Blackstone CEO Steve Schwarzman has described access to retirement savings assets as a “dream” for private equity firms, enabling greater capital inflow. Historically, private equity offers an average annual return of about 13%, net of fees, since 1990, slightly outperforming traditional equities like those in the S&P 500. For the cryptocurrency industry, the decision is especially timely. The industry had expressed strong support for President Trump’s 2024 campaign, seeking more mainstream recognition and regulatory clarity. Trump’s administration has adopted a markedly different stance on crypto compared to the prior Biden administration, which favored cautious regulation due to the highly volatile nature of cryptocurrencies. Bitcoin alone has experienced days with price swings exceeding 10%, far more erratic than typical stock market movements.
On the day of the announcement, Bitcoin’s price rose approximately 2%, reaching $116,542—nearly double its value since Trump was first elected. Executives from major cryptocurrency firms, including Coinbase, which backed Trump-supported events, welcomed the development. Under Trump, certain regulatory pressures on crypto, such as the SEC’s lawsuit against Coinbase, were eased or dropped.
Regulatory and Practical Considerations Ahead
Despite the executive order signaling a policy shift, major challenges remain before private equity and cryptocurrencies become commonplace in 401(k) plans. The practicalities of structuring funds that meet ERISA’s fiduciary standards—mandating that investments be in the best interest of employees—will require extensive regulatory review and innovation by retirement plan providers.

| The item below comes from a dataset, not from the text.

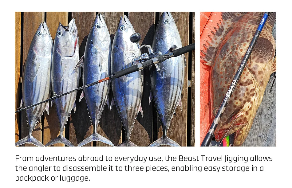 Desde aventuras en el extranjero hasta el uso diario, el Beast Travel Jigging permite al pescador desmontarlo en tres piezas, lo que permite guardarlo fácilmente en una mochila o equipaje.
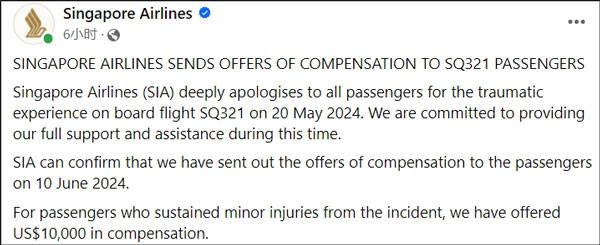新航6月11日在臉書(Facebook)發佈聲明稱,向SQ321航班所有乘客深表歉意,承諾會竭盡所能提供支持和協助,該公司6月10日已通過電子郵件向所有受影響的搭乘遇險航班的乘客提出賠償建議。

Major financial institutions that administer retirement plans, including Fidelity, Vanguard, and T. Rowe Price, have indicated a measured approach. Vanguard, for example, has not committed to launching private asset funds within defined contribution plans but emphasized investor education on the risks and benefits of such assets.
Furthermore, employers typically review and update their retirement offerings cautiously. Even after regulatory changes, it could take several years before alternative asset investments, such as private equity and crypto, become widely available as part of 401(k) plan options.
Industry and Expert Reactions
Bryan Corbett, president and CEO of the Managed Funds Association, representing private equity interests, expressed optimism about working with the Trump administration to create frameworks that balance expanded access with safeguards for investors.
From the crypto industry perspective, Cory Klippsten, CEO of Swan Bitcoin, highlighted that young, tech-savvy workers increasingly seek “hard money” investment options like bitcoin and anticipate rising allocations in their retirement portfolios.
Conclusion
President Trump’s executive order represents a landmark shift in retirement investment policy, potentially injecting trillions of dollars in 401(k) accounts into emerging markets like private equity and cryptocurrencies. While immediate changes are unlikely, the directive sets a regulatory overhaul in motion that could redefine the future of American retirement savings—broadening investment choices while navigating the challenges of risk, liquidity, and fiduciary responsibility.